Произнеся эти слова, первый секретарь вышел вместе с другими участниками встречи. Все спешили на обед, но никто не торопился так, как Энтони, который встал и, видя, что никто не собирается с ним прощаться, направился к двери. Гарри Паркер проводил его, чтобы убедиться, что он покинет посольство незаметно. В дверях, однако, на Энтони накатили сомнения, он остановился и обернулся к Бамблби.
– Простите, лорд Бамблби, но я не вполне понял одну вещь. Какую роль во всем этом деле играет Коля?
– Коля? – переспросил тот. – Повторю то же самое, что говорил раньше: нам это неизвестно. Могу сказать одно: Коля – ваш противник. Если нам известно о будущей продаже этой картины, и испанские власти тоже подозревают что-то в этом роде, то очевидно, что и русские тоже знают об этом деле. Разумеется, они совсем не заинтересованы в том, чтобы фашисты получили деньги или оружие, и сделают всё, чтобы этого не допустить. Для этого они и привлекли Колю.
– Понятно, – ответил Энтони. – И как же вы сможете помешать Коле в этом деле?
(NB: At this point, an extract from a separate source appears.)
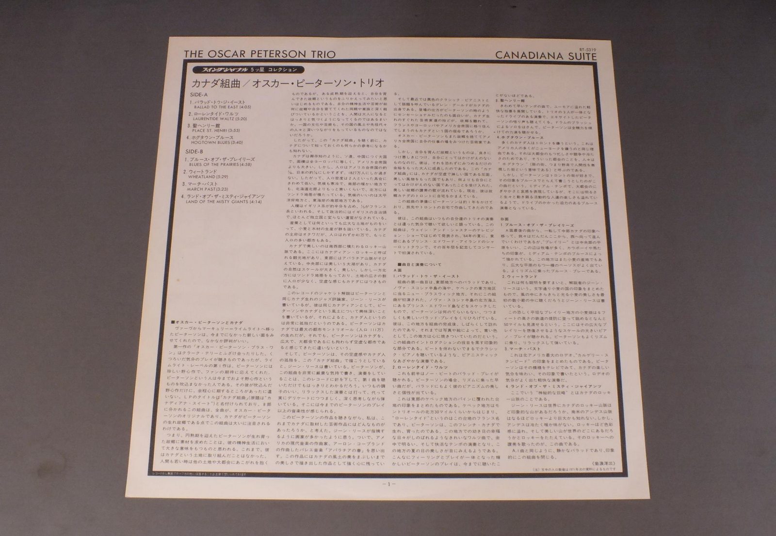 OSCAR PETERSON TRIOオスカー・ピーターソン・トリオ/CANADIANA SUITEカナダ組曲 BT5319 製造国:日本盤 / Media:LP外観:EX盤の状態:EX+ 価格(税込):¥990(売約済) 送料 7inch:定形外郵便 360円~LP:定形外郵便 660円~送料は、注文の最終画面で確認頂けます。 > > OSCAR PETERSON TRIO/CANADIANA SUITE 外観 (EX)特記事項:シミ有り外観EXの共通説明:ダメージが限定的。中古品としては保存状態がよい方。シミ、ヨゴレ、スレ 少し~軽度。 盤の状態 (EX+)特記事項:極薄いスリキズ・スレ少し。一見してきれいな状態です。盤EX+の共通説明:盤面の極薄いスリキズ、スレ少し程度 音に出そうなものは無いように見える(極軽微なソフトティック音は除く)。 Tweet それぞれの画像をクリックすると、大きい写真が見られます こちらの商品もお勧めです 1,210円 ESQUIRE ALL STARS etc / FLYIN` ON A V-DISC (V-DISC ALL STAR JAZZ SESSIONS VOL2)フライン・オン・ア・Vディスク (Vディスク・オールスターズ第2集) 1,210円 DUKE ELLINGTON WITH JIMMY JONESデューク・エリントン & ジミー・ジョーンズ / DUKE ELLINGTON`S MY PEOPLEマイ・ピープル 1,210円 LENNY WHITEレニー・ホワイト / STREAMLINEストリームライン 990円 JAY HOGGARDジェイ・ホガード / LOVE SURVIVESラヴ・サーヴァイブズ 1,320円 GATO BARBIERIガトー・バルビエリ / EL PAMPEROエル・パンペーロ 1,980円 YASUTAKA TSUTSUI + YOSUKE YAMASHITA etc筒井康隆 + 山下洋輔他 / INNER SPACE OF YASUTAKA TSUTSUI筒井康隆全集プレゼント INNER SPACE OF YASUTAKA TSUTSUI 990円 YOSHIAKI MASUO増尾好秋 / SAILING WONDERセイリング・ワンダー 1,320円 PAUL WINTER SEXTETポール・ウィンター・セクステット / JAZZ MEETS THE FOLK SONG 60s ISUUEフォーク・モダン・ジャズ ペラジャケ

– Кончайте ваши дурацкие вопросы, Уайтлендс! – воскликнул лорд Бамблби. – Самым обычным способом: будем держать его как можно дальше от вас.
Глава 25.
Обильная порция чечевицы с копченой колбасой, среднего размера буханка белого хлеба и кувшин красного вина не смогли развеять подавленного состояния духа, порожденного зловещими словами лорда Бамблби. Утоляя голод, накопленный с предыдущего дня, Энтони Уайтлэндс не мог избавиться от ощущения, что его преследует невидимый убийца. Кто угодно, в любую минуту и в любом месте мог вонзить в него нож, пустить пулю в лоб, задушить галстуком или подложить яд в тарелку или стакан.
Опасливо поглощая еду и питье, Энтони уже в который раз обдумывал, не стоит ли ему сесть на ближайший поезд и вернуться в Англию. Его удерживала лишь мрачная уверенность, что он оказался втянут в интригу международного масштаба и поэтому не было места на этой планете, где он находился бы в безопасности от заговорщиков, если они решат с ним покончить – неважно, из мести, или для того, чтобы заставить молчать, а то и просто из чувства неприязни. Единственный способ выпутаться живым из этого дела, говорил он себе, – как можно скорее завершить сделку, которая привела его в Мадрид. Только когда его существование перестанет быть помехой планам врагов, они оставят его в покое.
С этим слабым утешением он закончил обед и отправился в гостиницу. Быстро шагая по многолюдным улицам, он оглядывался по сторонам и периодически оборачивался, чтобы вовремя заметить нападение. Он прекрасно осознавал смехотворность такого поведения, ведь он не знал, как выглядит потенциальный враг. По причуде возбужденного воображения Энтони решил, что убийца должен походить на Джорджа Рафта [20]20
Джордж Рафт (1901-1980) – американский киноактёр и танцор, известный в первую очередь ролями гангстеров в криминальных фильмах об организованной преступности 1930-х и 1940-х годов.
[Закрыть], и внимательно вглядывался в лица пешеходов, пытаясь узнать лицо актера и его щеголеватый наряд из знаменитых ролей. Это сумасбродство отвлекло его от страха, а идти дальше его подталкивало нестерпимое желание добраться до гостиницы, чтобы привести себя в порядок, побриться и переодеться: если ему суждено трагически погибнуть, но по меньшей мере он будет при этом выглядеть презентабельно.
Проходя мимо богатой витрины бакалейной лавки, он остановился, вошел и купил разные продукты. Он не хотел оставаться на улице после заката и поэтому обеспечил себя всем необходимым, чтобы запереться в номере и выдержать осаду. В какой-то пекарне он купил хлеба, а в таверне – вина. Запасшись таким образом, он добрался до дверей гостиницы без каких-либо неприятностей.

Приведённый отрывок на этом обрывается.